EDIT: I tried to solve the problem on my own using Gaussian elimination, but I am not sure that the solution is the right one, or is that the right way to go.

EDIT2: OK, here is how I tried to solve it using Gaussian elimination: multiplication of the third row with -1, and adding with the first row, the I got $$ \left[ \begin{array}{ccc|c} 1&-2&3&-4\\ 2&1&1&2\\ 0&2a&-2&2b \end{array} \right] $$

Dividing the third row with 2: $$ \left[ \begin{array}{ccc|c} 1&-2&3&-4\\ 2&1&1&2\\ 0&a&-1&b \end{array} \right] $$

Now my problem is, that I have two variables in one equation. I have no idea how to go next.

Answer 1

After a bit of Gaussian elimination, we arrive at

$$\begin{bmatrix}1 & 0 & 1 & 0 \\ 0 & 1 & -1 & 2\\ 0 & 0 & a+1 & -b - 2a\\ \end{bmatrix}$$

Now, when $a = - 1$ and $-b-2a \neq 0 \iff b\neq 2$, there will be no solution to the system of equations.

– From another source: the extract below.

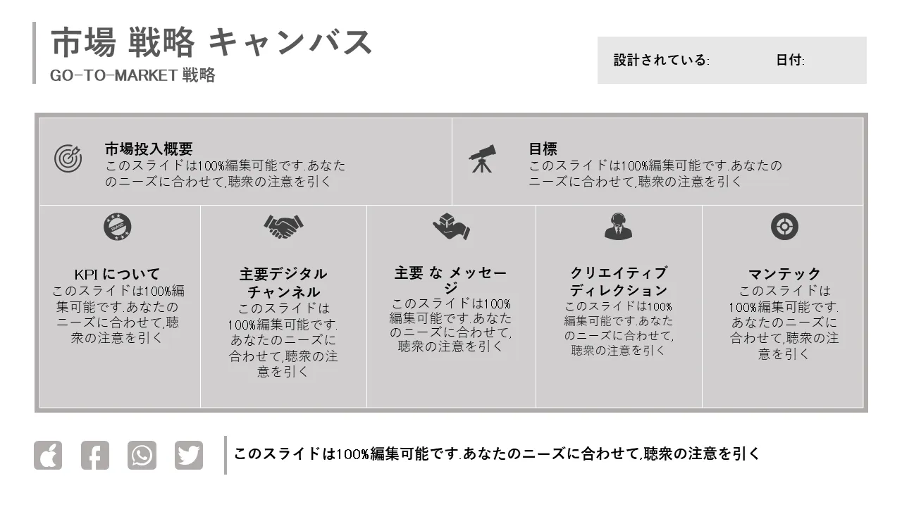 Go To Market 戦略キャンバス PowerPoint テンプレートの説明

Why not?

Answer 2

By row reduction the system becomes (if I didnt make a mistake (highly likely))

$$\begin{pmatrix} 1&0&1&0\\ 0&1&-1&2\\ 0&0&a+1&-b-2a\\ \end{pmatrix}$$

In order for the rank to be less than $3$ we need that $a+1=0$, so $a=-1$ for no solution we then need $-b-2a \neq 0$ so $b\neq 2$